Вошедшие держали в руках толстую ржавую цепь. Ее обмотали вокруг шеи Милова, замкнув каким-то нереальным допотопным амбарным замком. Свободный конец цепи просунули в небольшое отверстие в стене. Наверное, закрепили где-то во дворе.
Горец, «гордый птиц», радостно скалясь, начал брить Васе голову. Содрал с него всю одежду. Даже нательный позолоченный крестик забрал. Закончив, удовлетворенно похлопал Васю по плечу.
— Надевай! — кавказец ткнул пальцем в лохмотья.
Вася, плавая в полубессознательном состоянии, оставался безучастным. Ни на что не реагировал. Даже на весело занявшийся огонь в очаге, который развел горец. Лишь миска с кашей, которую ему бросили в ноги, заставила его очнуться. К миске прилагалась искусно вырезанная из самшита ложка. Стремление к выживанию настолько прочно укоренилось в человеческой породе, что Вася отбросил колебания и принялся за еду, поднося ко рту дрожащей рукой саму жизнь.

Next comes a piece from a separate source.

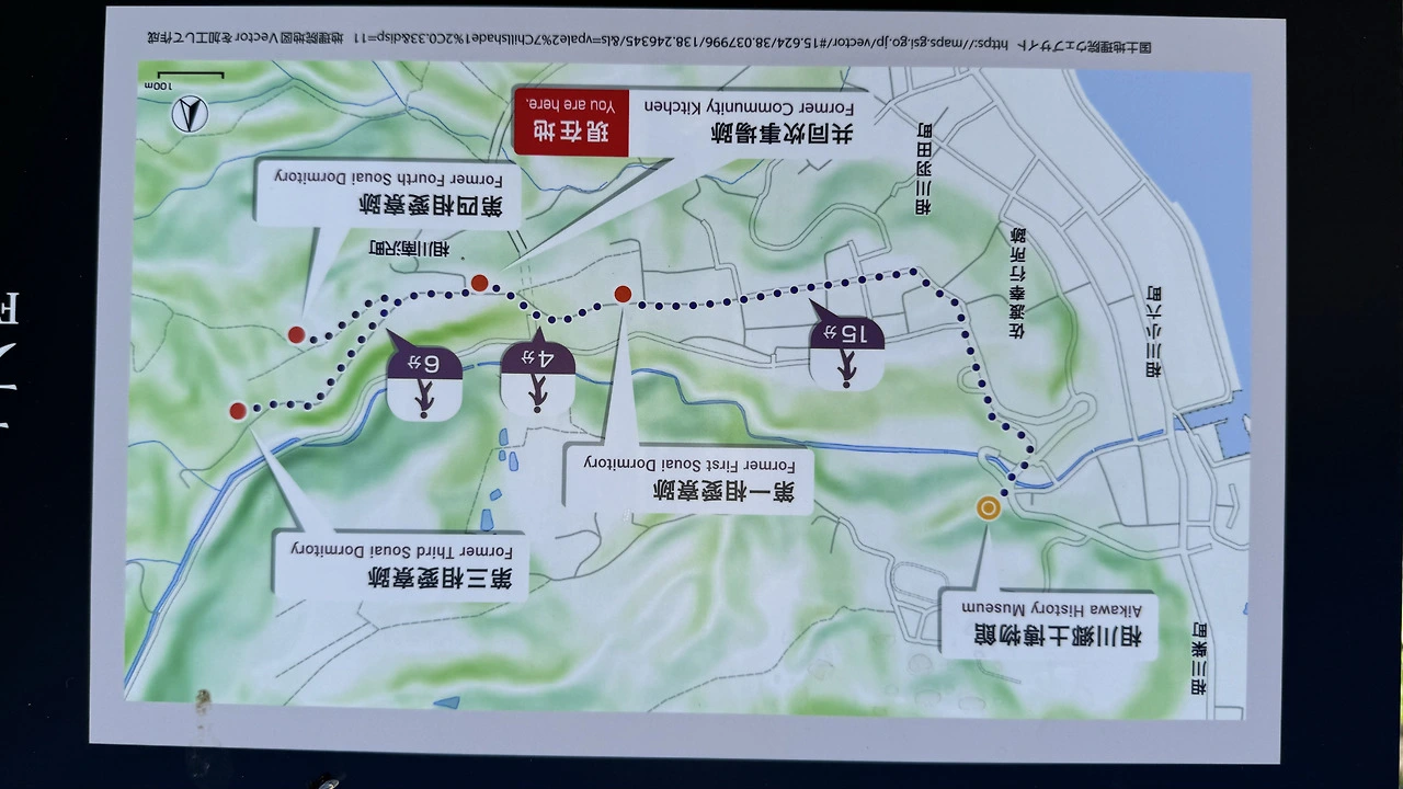 게다가 안내판의 지도는 심지어 방향이 거꾸로였다. 지도상으로는 현 위치에서 왼쪽으로 가면 제1상애료터가, 오른쪽으로 가면 제3상애료터와 제4상애료터가 나올 것처럼 표시되어 있었지만, 실제로는 그 반대였다. 일본은 ‘안내판을 설치했다’는 형식적 약속 이행에만 머무를 뿐, 그 내용의 진정성과 정확성에는 책임을 지지 않고 있다. 이에 대해 필자는 직접 사도시에 문의를 보냈고, 그 결과는 뒤에서 다시 살펴보겠다.

— Был бы ты девкой, Ивась, отдали бы тебя под присмотр женщин! Но ты мужчина с бородой и усами, который родился не рабом. И только железо способно тебя приструнить! Я уважаю тебя и твой бойцовый дух, гяур. Но не усложняй свое положение, — объяснял Васе его новый хозяин.
Горец что-то втолковывал, скалясь щербатым ртом. Вася не нуждался в переводе. Ему было очевидно: все проделанные манипуляции — бритье, цепь, обноски — означали, что он превратился из свободного человека в раба.
Коста. ЮБК. Рождество — 1838.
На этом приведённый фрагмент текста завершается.